Where these questions land in industry frameworks

GRC teams want evidence in the language of the frameworks they've already adopted. Each question above tackles a category that OWASP (LLM Top 10 + the Agentic Security Initiative), the NIST AI Risk Management Framework, and MITRE ATLAS (the adversarial-ML catalog) already track.

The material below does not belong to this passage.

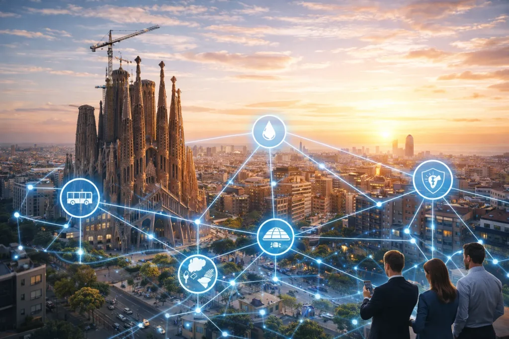 Barcelona is often cited as a pioneer in smart city strategy. The city’s comprehensive program (dating back over a decade) shows the impact of strong political will, integration across departments, and citizen-centric design. Barcelona’s City Council set up a dedicated Smart City initiative that identified 12 key domains for intervention – including mobility, environment, energy, water, waste management, urban public space, and open government – and launched 22 ambitious programs comprising over 80 pilot projects. At the heart of Barcelona’s approach is a unified ICT architecture sometimes called a “network of networks.” Rather than deploying siloed tech in each department, Barcelona built a city-wide platform (based on an open-source urban data hub called Sentilo) that interconnects formerly separate IoT systems – from smart street lighting to irrigation sensors – into one integrated network. This integration broke down data silos and allowed the city to manage resources in a coordinated way. For example, data from buses, traffic sensors, and streetlights can be combined to optimize traffic flow and pedestrian safety in real time.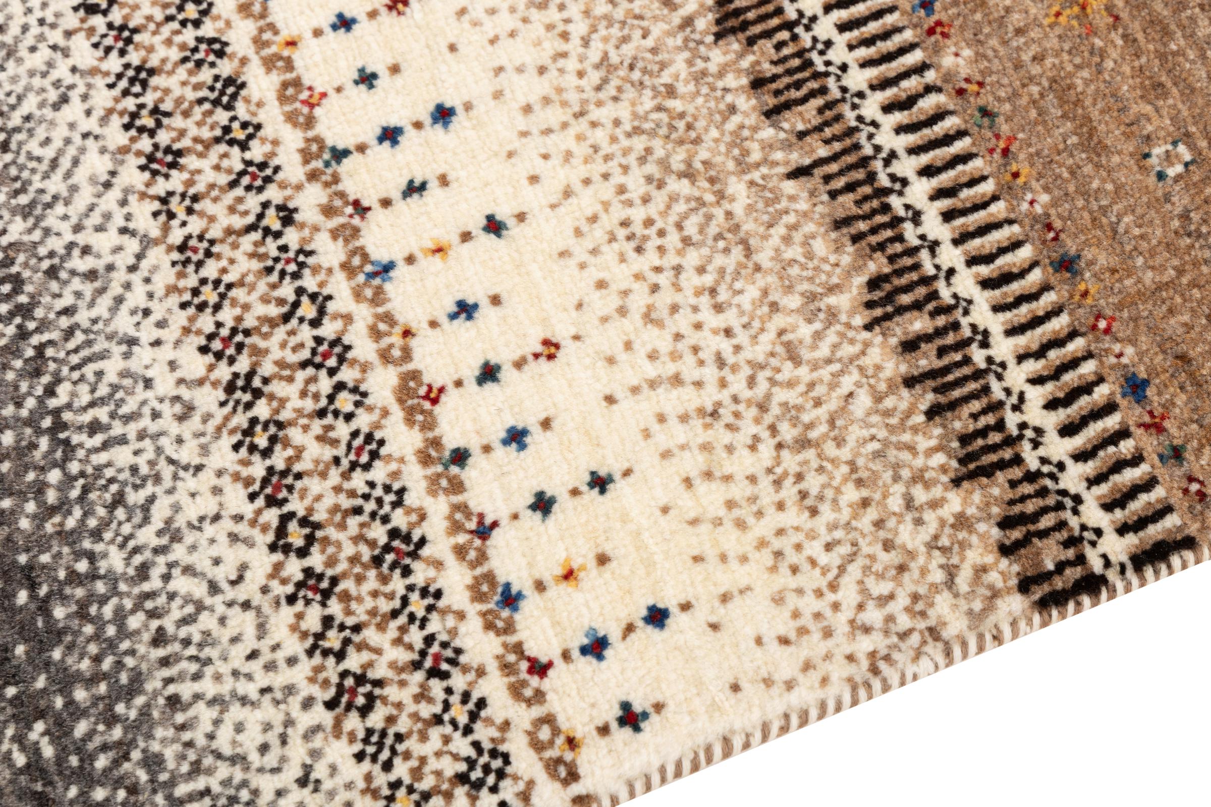 Dit prachtige tapijt is een Perzisch Gabbeh-tapijt en behoort daarom tot de hoogste kwaliteit Gabbeh-tapijten. De tapijten worden geknoopt door nomaden of semi-nomaden in Iran volgens traditioneel vakmanschap. De eenvoudige motieven en patronen zijn vooral geïnspireerd op de directe omgeving van de nomaden. Zo zijn er bijvoorbeeld kamelen, bomen of struiken te vinden op de traditionele tapijten. De Perzische Gabbeh-tapijten zijn gemaakt van wol van lokaal opgefokte kuddes schapen. De wol wordt dus meestal nog met de hand gesponnen. Elk van deze oosterse tapijten belichaamt dus een uniek karakter van de eeuwenoude cultuur.

The mapping isn't strict 1:1 — frameworks overlap and frame things differently — but the high-level coverage looks like this:

Question	OWASP (LLM Top 10 + Agentic AI)	NIST AI RMF (function)	MITRE ATLAS (tactic)
Q1–Q3 authn / authz	Excessive Agency · Identity Spoofing	Govern · Manage	Initial Access · Defense Evasion
Q4 tool grouping by risk	Tool Misuse	Manage · Map	Discovery
Q5 observability & audit	Sensitive Information Disclosure · Repudiation	Measure	cross-cutting
Q6 chain identity (`act` claim)	Identity Spoofing · Authority Compromise	Govern	Initial Access
Q7 strict schemas	Improper Output Handling · Tool Definition Poisoning	Manage	Defense Evasion
Q8 output gating + injection-strip	Prompt Injection · Sensitive Information Disclosure	Manage	ML Attack Staging · Exfiltration
Q9 runaway containment	Unbounded Consumption · Resource Overload	Manage	Impact
Q10 HITL approvals	Excessive Agency · Human Manipulation	Govern	Impact
Q11 quarantine / kill switch	Misaligned Behaviors	Manage	cross-cutting

Whichever framework a customer's GRC team already reports against, the answers above slot into categories they're filing evidence for. The deep-dive links in each section give you the YAML that is that evidence.

Thanks again to Ram Vennam for the source material and for the field perspective behind every one of these answers.